BEGIN Data in this exercise

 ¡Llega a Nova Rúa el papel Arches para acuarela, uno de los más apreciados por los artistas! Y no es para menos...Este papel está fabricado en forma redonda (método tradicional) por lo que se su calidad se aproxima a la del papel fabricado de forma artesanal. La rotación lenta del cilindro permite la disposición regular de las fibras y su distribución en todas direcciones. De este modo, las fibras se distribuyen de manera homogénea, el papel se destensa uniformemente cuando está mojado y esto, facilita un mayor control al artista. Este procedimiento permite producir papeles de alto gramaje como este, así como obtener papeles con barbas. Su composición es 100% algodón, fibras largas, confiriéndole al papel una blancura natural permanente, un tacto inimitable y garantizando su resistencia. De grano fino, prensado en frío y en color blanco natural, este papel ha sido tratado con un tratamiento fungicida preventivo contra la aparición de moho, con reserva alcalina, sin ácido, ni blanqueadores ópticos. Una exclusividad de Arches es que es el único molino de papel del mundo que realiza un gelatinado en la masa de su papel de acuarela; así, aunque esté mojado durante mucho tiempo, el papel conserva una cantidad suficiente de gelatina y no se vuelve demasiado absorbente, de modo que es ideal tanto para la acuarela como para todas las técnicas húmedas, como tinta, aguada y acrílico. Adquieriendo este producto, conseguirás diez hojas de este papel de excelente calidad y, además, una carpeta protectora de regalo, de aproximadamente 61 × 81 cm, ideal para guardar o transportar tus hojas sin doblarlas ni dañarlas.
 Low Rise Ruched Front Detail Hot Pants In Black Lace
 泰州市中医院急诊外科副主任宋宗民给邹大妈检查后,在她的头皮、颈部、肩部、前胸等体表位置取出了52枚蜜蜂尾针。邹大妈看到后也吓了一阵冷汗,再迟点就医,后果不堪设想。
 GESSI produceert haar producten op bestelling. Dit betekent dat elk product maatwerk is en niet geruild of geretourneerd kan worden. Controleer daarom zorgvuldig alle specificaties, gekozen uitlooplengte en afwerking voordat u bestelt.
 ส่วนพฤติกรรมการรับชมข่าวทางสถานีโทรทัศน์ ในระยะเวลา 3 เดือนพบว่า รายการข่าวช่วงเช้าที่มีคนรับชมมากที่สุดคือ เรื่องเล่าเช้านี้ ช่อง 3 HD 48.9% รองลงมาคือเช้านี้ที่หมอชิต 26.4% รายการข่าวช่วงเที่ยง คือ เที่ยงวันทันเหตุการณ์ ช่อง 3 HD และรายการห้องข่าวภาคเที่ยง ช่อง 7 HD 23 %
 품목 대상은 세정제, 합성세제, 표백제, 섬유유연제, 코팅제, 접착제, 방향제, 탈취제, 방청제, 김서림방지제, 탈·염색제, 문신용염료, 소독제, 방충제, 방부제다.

END Data in this exercise
BEGIN Data in this exercise

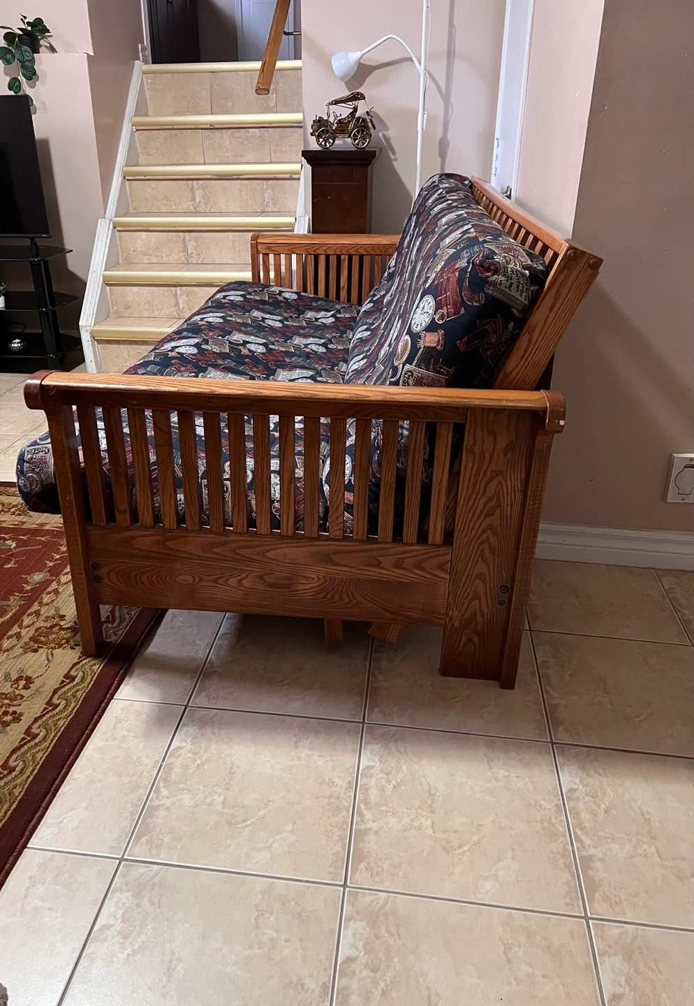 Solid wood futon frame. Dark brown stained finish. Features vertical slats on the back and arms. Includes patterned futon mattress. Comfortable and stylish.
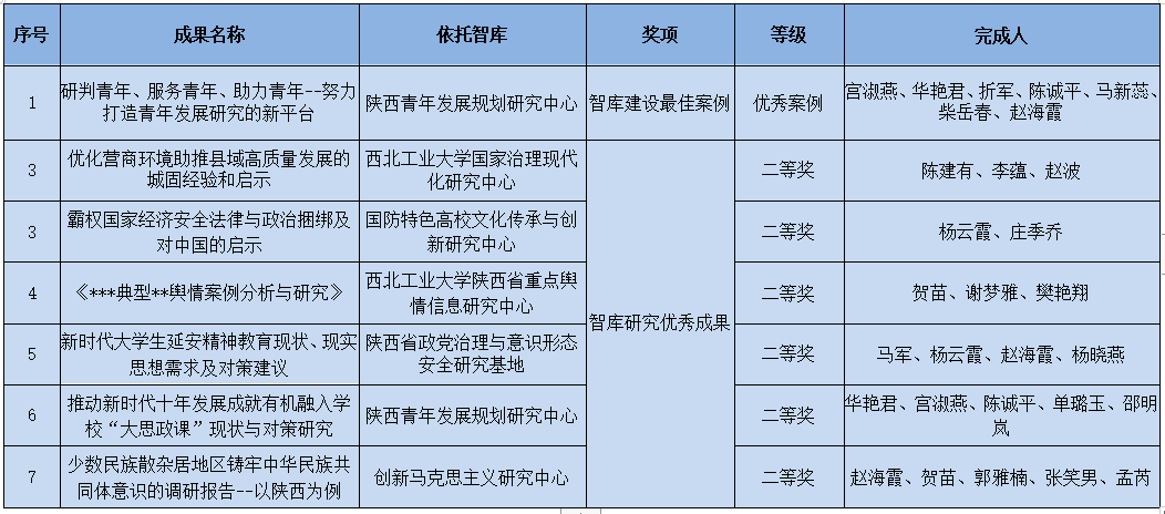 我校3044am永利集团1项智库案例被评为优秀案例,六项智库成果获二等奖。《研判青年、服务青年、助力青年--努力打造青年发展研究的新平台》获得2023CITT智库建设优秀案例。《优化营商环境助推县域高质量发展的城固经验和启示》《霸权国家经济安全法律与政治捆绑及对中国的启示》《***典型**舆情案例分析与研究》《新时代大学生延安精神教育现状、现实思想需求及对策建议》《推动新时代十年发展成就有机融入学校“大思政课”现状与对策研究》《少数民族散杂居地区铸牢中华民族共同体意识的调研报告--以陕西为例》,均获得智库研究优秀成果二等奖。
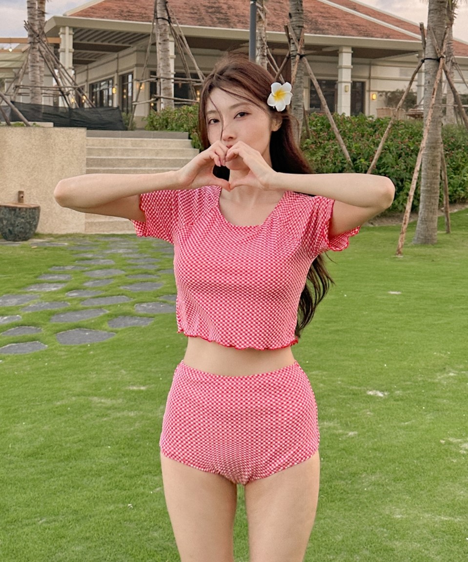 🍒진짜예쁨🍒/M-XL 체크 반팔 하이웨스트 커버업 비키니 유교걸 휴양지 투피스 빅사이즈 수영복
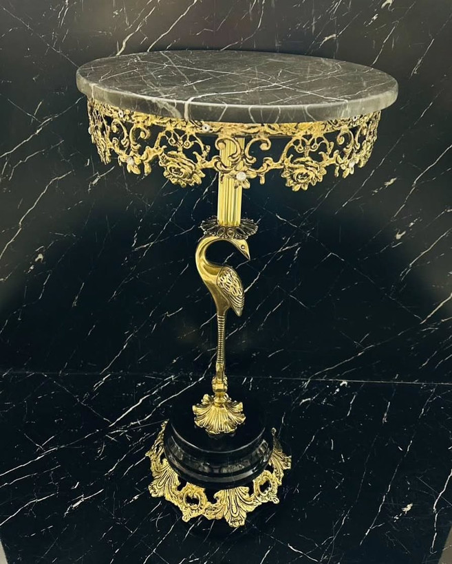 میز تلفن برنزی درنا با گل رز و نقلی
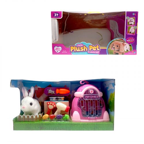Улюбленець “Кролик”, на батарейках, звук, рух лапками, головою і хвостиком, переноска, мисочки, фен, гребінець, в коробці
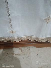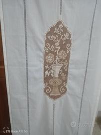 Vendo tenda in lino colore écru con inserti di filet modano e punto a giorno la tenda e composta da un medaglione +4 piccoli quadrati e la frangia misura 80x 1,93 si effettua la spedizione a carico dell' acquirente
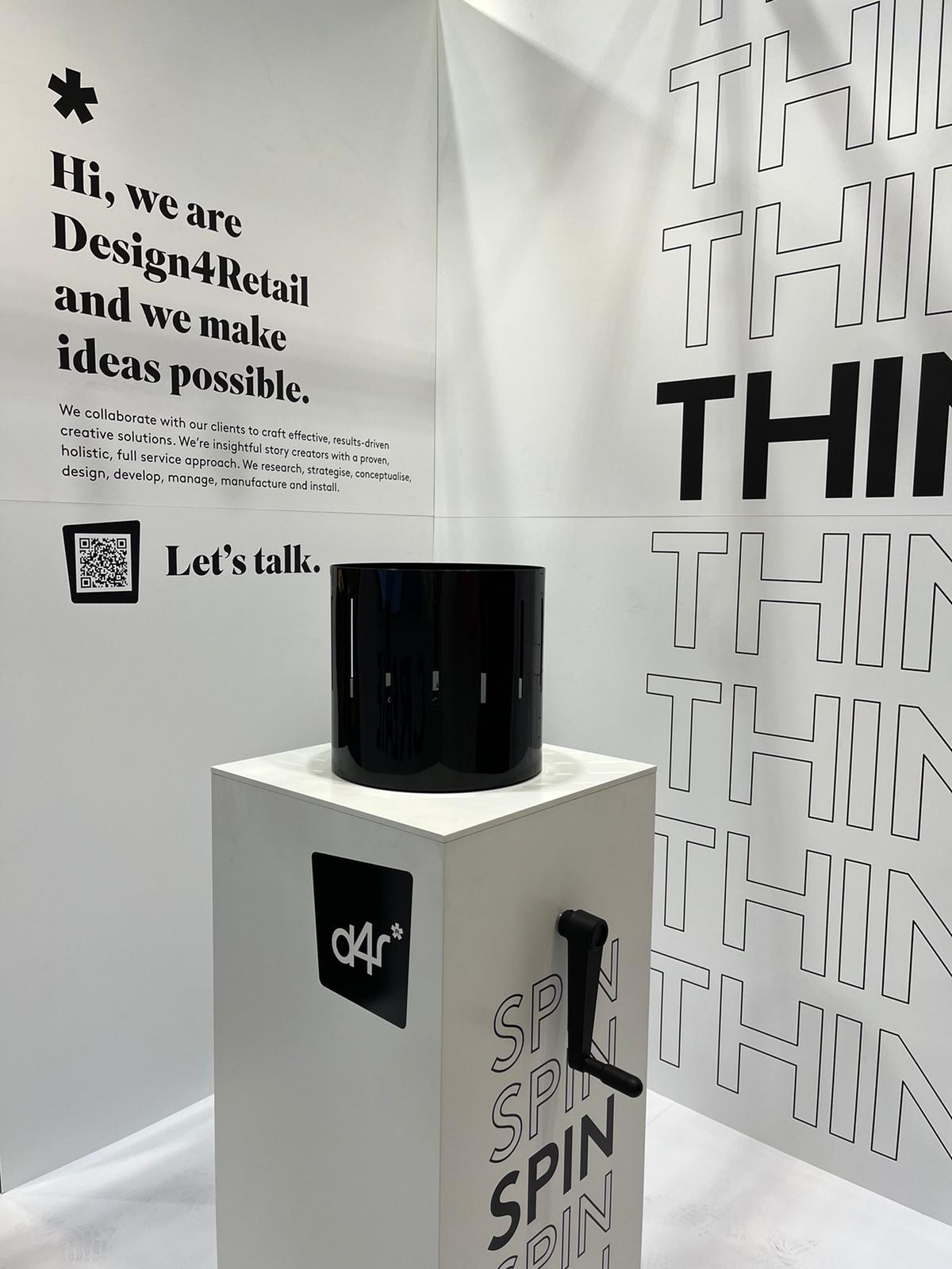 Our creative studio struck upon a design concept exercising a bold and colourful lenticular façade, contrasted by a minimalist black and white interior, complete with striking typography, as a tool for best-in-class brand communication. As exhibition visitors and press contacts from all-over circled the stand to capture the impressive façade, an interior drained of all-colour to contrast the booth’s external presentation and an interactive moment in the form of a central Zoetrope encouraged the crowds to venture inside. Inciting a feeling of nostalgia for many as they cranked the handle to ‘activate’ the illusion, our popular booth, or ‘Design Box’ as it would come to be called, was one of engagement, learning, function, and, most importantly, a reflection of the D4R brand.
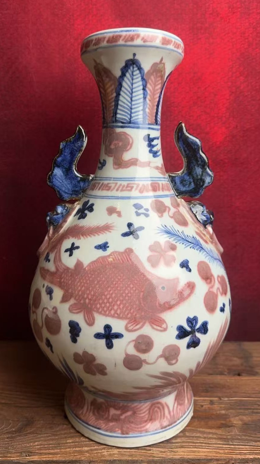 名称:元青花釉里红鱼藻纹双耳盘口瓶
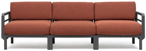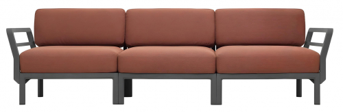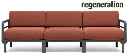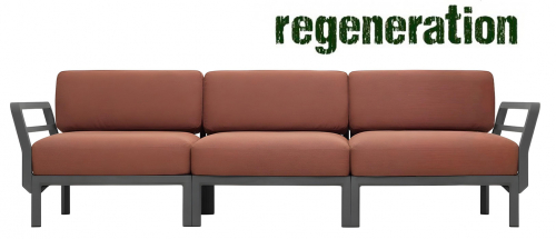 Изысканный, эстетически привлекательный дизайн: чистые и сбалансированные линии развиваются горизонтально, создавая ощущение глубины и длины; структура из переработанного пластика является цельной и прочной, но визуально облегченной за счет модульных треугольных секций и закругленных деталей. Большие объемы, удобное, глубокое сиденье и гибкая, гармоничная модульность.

END Data in this exercise
BEGIN Data in this exercise

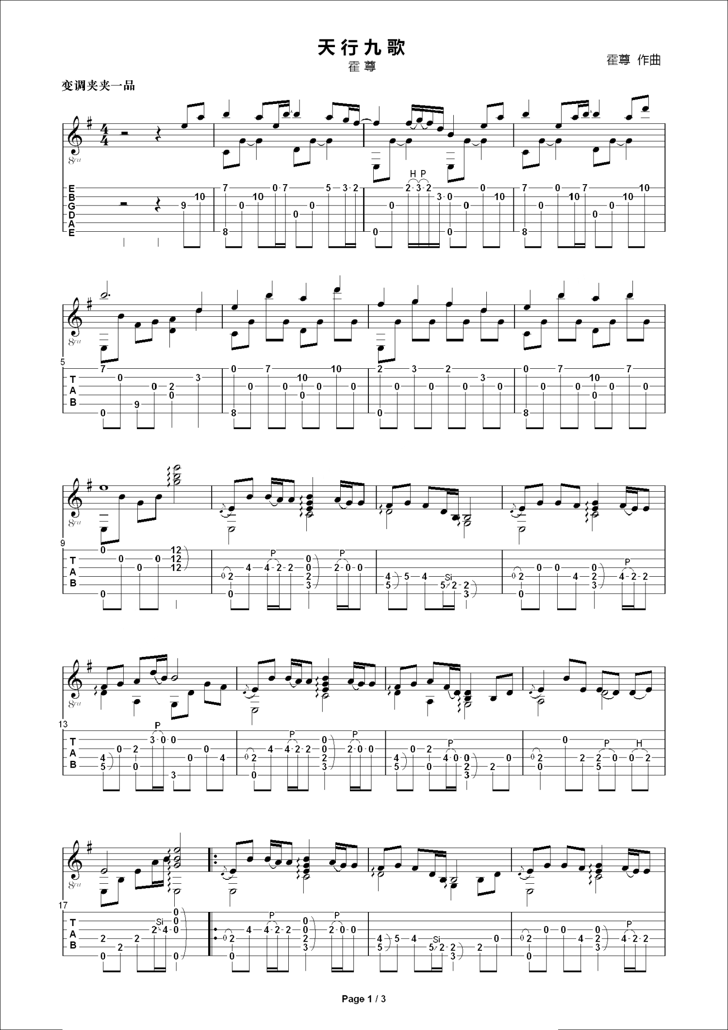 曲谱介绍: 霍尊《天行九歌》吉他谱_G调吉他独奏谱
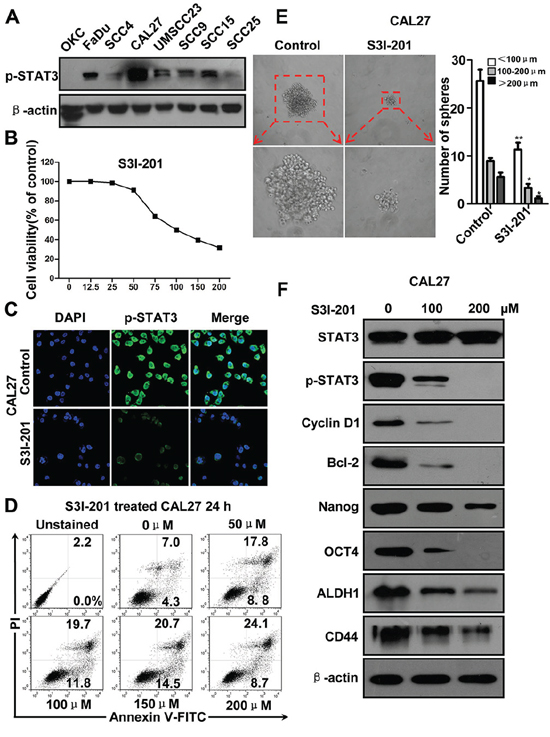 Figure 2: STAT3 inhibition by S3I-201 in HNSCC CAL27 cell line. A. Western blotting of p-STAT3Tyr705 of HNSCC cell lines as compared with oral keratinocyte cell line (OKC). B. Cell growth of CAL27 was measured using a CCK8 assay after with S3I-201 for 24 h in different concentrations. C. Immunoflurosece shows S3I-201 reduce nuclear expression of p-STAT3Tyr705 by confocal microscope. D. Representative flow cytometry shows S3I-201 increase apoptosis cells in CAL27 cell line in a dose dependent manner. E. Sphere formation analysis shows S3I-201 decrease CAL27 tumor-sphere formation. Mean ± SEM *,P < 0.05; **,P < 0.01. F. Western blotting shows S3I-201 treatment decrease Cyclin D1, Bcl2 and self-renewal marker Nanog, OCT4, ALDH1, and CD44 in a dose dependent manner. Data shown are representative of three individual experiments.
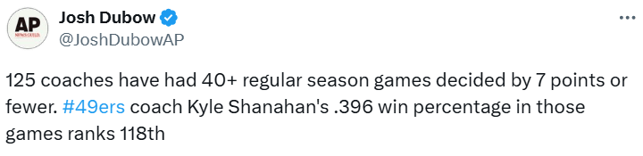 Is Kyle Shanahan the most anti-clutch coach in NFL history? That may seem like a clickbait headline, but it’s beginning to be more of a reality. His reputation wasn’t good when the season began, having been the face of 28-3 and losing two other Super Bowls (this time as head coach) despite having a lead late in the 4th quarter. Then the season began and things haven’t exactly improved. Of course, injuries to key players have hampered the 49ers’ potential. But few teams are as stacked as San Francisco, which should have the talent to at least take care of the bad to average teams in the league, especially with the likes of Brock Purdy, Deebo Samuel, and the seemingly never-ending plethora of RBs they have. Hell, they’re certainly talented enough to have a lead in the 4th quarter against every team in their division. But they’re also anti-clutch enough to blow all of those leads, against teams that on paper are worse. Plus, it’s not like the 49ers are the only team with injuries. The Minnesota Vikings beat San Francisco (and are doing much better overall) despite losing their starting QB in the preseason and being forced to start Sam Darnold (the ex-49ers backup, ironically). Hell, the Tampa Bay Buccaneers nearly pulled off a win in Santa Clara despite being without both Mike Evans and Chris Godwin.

END Data in this exercise

### About this exercise
Please give back exactly the lines of this listing beginning at the line with "doblarlas ni dañarlas." and ending with the line with "泰州市中医院急诊外科副主任宋", both included, and nothing else.

### Problem solution
 ¡Llega a Nova Rúa el papel Arches para acuarela, uno de los más apreciados por los artistas! Y no es para menos...Este papel está fabricado en forma redonda (método tradicional) por lo que se su calidad se aproxima a la del papel fabricado de forma artesanal. La rotación lenta del cilindro permite la disposición regular de las fibras y su distribución en todas direcciones. De este modo, las fibras se distribuyen de manera homogénea, el papel se destensa uniformemente cuando está mojado y esto, facilita un mayor control al artista. Este procedimiento permite producir papeles de alto gramaje como este, así como obtener papeles con barbas. Su composición es 100% algodón, fibras largas, confiriéndole al papel una blancura natural permanente, un tacto inimitable y garantizando su resistencia. De grano fino, prensado en frío y en color blanco natural, este papel ha sido tratado con un tratamiento fungicida preventivo contra la aparición de moho, con reserva alcalina, sin ácido, ni blanqueadores ópticos. Una exclusividad de Arches es que es el único molino de papel del mundo que realiza un gelatinado en la masa de su papel de acuarela; así, aunque esté mojado durante mucho tiempo, el papel conserva una cantidad suficiente de gelatina y no se vuelve demasiado absorbente, de modo que es ideal tanto para la acuarela como para todas las técnicas húmedas, como tinta, aguada y acrílico. Adquieriendo este producto, conseguirás diez hojas de este papel de excelente calidad y, además, una carpeta protectora de regalo, de aproximadamente 61 × 81 cm, ideal para guardar o transportar tus hojas sin doblarlas ni dañarlas.
 Low Rise Ruched Front Detail Hot Pants In Black Lace
 泰州市中医院急诊外科副主任宋宗民给邹大妈检查后,在她的头皮、颈部、肩部、前胸等体表位置取出了52枚蜜蜂尾针。邹大妈看到后也吓了一阵冷汗,再迟点就医,后果不堪设想。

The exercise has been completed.